- PROBLEM TO WORK ON -
Keep only the lines of the data below that contain "three", and copy them.

- - - - -

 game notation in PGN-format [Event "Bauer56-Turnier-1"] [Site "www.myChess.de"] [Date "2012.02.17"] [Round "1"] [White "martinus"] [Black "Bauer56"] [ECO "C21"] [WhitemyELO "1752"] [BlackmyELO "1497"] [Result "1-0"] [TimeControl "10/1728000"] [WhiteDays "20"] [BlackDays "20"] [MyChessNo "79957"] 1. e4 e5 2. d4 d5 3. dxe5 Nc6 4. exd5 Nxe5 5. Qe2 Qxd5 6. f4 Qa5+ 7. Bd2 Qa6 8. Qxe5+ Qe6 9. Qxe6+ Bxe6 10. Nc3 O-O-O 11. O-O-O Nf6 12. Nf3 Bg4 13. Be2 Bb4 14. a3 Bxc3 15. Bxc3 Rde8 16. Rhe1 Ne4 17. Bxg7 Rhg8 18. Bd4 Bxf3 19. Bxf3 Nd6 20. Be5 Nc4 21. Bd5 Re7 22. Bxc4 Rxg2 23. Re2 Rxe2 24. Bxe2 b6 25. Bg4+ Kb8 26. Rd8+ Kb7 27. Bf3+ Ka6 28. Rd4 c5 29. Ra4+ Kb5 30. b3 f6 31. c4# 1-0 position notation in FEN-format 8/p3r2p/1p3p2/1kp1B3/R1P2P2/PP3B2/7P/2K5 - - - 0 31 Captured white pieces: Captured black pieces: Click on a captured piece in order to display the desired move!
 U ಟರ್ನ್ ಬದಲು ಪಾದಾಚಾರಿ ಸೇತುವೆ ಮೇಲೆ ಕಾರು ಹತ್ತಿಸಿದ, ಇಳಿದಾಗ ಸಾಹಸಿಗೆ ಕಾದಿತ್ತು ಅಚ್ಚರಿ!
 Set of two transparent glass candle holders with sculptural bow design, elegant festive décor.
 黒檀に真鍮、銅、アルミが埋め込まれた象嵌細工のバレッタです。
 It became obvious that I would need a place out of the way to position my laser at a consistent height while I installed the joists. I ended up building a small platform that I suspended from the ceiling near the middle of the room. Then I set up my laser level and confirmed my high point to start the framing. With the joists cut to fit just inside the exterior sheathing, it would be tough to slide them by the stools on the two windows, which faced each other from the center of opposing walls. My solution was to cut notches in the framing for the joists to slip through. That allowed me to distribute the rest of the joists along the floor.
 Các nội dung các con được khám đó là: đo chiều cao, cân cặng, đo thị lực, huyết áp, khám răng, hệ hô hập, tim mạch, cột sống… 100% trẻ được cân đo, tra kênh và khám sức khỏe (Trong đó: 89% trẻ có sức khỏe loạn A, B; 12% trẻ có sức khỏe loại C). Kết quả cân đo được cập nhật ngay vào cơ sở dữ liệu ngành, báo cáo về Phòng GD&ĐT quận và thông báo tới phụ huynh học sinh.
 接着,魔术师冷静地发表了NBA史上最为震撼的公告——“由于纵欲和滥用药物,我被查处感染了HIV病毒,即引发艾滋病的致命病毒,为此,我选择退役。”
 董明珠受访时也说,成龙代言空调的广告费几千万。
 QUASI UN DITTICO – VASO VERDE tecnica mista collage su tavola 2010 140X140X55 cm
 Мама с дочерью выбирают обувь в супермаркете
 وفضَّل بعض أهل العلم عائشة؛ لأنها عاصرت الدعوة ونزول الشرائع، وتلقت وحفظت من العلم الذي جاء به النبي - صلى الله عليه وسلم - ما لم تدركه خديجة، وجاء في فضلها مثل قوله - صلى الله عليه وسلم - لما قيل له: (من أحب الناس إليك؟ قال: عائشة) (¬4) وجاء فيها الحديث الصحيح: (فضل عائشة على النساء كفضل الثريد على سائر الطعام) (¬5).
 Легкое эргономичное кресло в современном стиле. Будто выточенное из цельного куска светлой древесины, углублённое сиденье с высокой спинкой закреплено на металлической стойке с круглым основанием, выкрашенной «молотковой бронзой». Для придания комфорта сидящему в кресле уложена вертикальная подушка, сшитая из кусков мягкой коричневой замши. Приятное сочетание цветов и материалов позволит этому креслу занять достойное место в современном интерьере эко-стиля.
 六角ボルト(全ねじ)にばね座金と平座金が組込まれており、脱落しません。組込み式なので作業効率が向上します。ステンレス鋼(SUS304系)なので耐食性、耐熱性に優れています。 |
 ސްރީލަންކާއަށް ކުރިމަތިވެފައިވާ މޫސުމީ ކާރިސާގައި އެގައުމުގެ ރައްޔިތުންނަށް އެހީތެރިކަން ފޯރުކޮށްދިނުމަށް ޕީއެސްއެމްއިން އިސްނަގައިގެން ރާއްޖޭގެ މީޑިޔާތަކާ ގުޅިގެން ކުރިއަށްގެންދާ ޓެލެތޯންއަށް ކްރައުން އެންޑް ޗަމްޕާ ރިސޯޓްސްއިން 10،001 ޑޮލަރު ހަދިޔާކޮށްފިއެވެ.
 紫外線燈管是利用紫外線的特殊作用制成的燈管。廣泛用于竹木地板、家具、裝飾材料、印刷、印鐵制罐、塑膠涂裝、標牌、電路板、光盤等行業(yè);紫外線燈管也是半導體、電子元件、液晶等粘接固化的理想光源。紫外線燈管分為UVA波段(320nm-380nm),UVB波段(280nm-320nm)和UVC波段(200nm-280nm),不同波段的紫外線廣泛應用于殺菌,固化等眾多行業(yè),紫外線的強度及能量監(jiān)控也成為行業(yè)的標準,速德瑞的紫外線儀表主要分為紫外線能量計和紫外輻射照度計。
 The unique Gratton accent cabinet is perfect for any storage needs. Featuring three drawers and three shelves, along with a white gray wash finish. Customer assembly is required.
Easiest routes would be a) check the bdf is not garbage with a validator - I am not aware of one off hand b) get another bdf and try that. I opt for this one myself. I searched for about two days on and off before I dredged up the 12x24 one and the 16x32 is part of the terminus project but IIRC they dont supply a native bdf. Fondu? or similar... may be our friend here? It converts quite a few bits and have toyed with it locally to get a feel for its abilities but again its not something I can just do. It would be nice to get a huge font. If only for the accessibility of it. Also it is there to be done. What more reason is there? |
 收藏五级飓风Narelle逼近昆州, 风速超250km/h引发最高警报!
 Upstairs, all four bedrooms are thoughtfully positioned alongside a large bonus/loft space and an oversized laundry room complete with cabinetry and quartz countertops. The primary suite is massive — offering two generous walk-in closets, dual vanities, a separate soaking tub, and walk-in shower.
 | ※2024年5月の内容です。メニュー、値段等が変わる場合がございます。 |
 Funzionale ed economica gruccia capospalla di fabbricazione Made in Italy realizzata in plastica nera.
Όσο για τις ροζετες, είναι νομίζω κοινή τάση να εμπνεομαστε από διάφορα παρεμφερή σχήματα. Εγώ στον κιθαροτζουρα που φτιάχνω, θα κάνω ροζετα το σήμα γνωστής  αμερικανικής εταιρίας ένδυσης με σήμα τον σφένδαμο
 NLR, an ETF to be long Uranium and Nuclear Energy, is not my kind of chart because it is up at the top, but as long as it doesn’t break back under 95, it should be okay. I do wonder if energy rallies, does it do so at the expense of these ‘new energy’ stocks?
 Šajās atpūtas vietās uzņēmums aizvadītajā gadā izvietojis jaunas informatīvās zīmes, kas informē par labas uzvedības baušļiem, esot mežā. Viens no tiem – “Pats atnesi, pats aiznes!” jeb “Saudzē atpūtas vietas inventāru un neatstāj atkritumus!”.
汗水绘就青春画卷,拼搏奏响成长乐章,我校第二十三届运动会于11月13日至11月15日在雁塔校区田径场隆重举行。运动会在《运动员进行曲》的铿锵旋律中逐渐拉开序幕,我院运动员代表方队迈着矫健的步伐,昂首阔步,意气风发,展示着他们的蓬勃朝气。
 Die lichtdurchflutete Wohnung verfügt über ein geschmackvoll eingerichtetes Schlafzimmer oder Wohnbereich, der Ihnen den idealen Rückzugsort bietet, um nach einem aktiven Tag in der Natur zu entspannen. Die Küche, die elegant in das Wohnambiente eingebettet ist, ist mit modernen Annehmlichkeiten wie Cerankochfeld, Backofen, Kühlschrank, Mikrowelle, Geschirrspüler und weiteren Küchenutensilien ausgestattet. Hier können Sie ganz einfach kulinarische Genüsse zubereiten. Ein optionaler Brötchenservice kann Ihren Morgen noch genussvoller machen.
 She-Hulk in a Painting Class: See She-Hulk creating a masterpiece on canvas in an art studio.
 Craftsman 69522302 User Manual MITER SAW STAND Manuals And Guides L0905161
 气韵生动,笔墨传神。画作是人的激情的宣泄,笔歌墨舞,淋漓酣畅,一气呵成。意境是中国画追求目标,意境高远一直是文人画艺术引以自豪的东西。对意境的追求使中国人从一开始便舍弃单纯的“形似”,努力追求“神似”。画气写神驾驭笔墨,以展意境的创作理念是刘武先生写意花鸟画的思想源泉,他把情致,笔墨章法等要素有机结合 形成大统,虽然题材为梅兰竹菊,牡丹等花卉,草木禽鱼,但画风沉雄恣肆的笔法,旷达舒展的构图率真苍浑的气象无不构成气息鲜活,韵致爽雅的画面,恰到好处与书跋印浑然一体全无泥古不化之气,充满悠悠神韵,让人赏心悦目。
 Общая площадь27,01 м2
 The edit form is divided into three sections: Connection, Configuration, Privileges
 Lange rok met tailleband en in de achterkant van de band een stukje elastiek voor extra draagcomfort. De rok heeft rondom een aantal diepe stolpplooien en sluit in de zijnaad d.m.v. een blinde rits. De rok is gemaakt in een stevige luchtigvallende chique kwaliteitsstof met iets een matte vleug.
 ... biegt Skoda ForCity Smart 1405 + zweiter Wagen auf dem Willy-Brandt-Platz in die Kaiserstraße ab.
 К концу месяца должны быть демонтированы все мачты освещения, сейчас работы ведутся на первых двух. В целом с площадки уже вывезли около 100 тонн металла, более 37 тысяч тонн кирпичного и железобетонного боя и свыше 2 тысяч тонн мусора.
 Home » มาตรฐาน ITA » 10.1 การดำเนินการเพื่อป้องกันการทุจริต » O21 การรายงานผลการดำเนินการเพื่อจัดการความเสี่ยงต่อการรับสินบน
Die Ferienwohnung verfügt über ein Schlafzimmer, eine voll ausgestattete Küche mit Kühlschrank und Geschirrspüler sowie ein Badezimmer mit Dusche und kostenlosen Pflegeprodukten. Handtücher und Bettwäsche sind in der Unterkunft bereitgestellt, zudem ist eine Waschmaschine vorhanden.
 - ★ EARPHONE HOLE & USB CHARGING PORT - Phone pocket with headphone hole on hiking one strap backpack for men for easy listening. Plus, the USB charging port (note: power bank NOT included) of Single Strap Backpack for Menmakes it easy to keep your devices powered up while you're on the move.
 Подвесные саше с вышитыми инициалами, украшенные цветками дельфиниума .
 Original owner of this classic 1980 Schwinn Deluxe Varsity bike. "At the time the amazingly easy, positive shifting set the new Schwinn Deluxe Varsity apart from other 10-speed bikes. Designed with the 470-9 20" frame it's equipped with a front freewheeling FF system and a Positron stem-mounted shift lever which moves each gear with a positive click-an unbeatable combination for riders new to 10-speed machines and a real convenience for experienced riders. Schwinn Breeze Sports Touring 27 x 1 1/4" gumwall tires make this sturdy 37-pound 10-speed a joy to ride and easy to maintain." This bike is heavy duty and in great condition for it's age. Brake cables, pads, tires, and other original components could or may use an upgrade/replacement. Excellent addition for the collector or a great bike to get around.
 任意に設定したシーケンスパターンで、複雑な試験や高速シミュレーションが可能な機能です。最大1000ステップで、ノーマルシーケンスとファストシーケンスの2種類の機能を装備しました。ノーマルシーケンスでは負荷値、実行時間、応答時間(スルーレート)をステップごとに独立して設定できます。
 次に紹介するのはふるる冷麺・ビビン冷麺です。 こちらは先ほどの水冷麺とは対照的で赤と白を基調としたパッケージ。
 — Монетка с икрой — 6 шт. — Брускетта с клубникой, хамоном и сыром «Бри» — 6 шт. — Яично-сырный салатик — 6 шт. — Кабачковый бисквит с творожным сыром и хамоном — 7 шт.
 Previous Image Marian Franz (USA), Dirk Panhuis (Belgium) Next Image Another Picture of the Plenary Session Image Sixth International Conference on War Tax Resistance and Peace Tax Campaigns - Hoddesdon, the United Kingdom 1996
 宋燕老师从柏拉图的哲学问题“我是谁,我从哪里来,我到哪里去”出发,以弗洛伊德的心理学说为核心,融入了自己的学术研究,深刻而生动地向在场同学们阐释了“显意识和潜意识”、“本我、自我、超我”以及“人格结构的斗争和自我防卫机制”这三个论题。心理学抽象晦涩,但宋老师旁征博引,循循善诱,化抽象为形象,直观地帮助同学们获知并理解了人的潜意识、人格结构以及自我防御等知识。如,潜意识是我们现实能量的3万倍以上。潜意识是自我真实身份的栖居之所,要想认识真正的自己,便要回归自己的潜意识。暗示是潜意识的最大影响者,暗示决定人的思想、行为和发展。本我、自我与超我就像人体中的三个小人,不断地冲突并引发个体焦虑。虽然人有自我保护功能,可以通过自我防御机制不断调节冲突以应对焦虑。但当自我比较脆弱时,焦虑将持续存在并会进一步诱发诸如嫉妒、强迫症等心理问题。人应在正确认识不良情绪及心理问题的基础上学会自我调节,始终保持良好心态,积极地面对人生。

- - - - -

- ANSWER BELOW -
 The unique Gratton accent cabinet is perfect for any storage needs. Featuring three drawers and three shelves, along with a white gray wash finish. Customer assembly is required.
 The edit form is divided into three sections: Connection, Configuration, Privileges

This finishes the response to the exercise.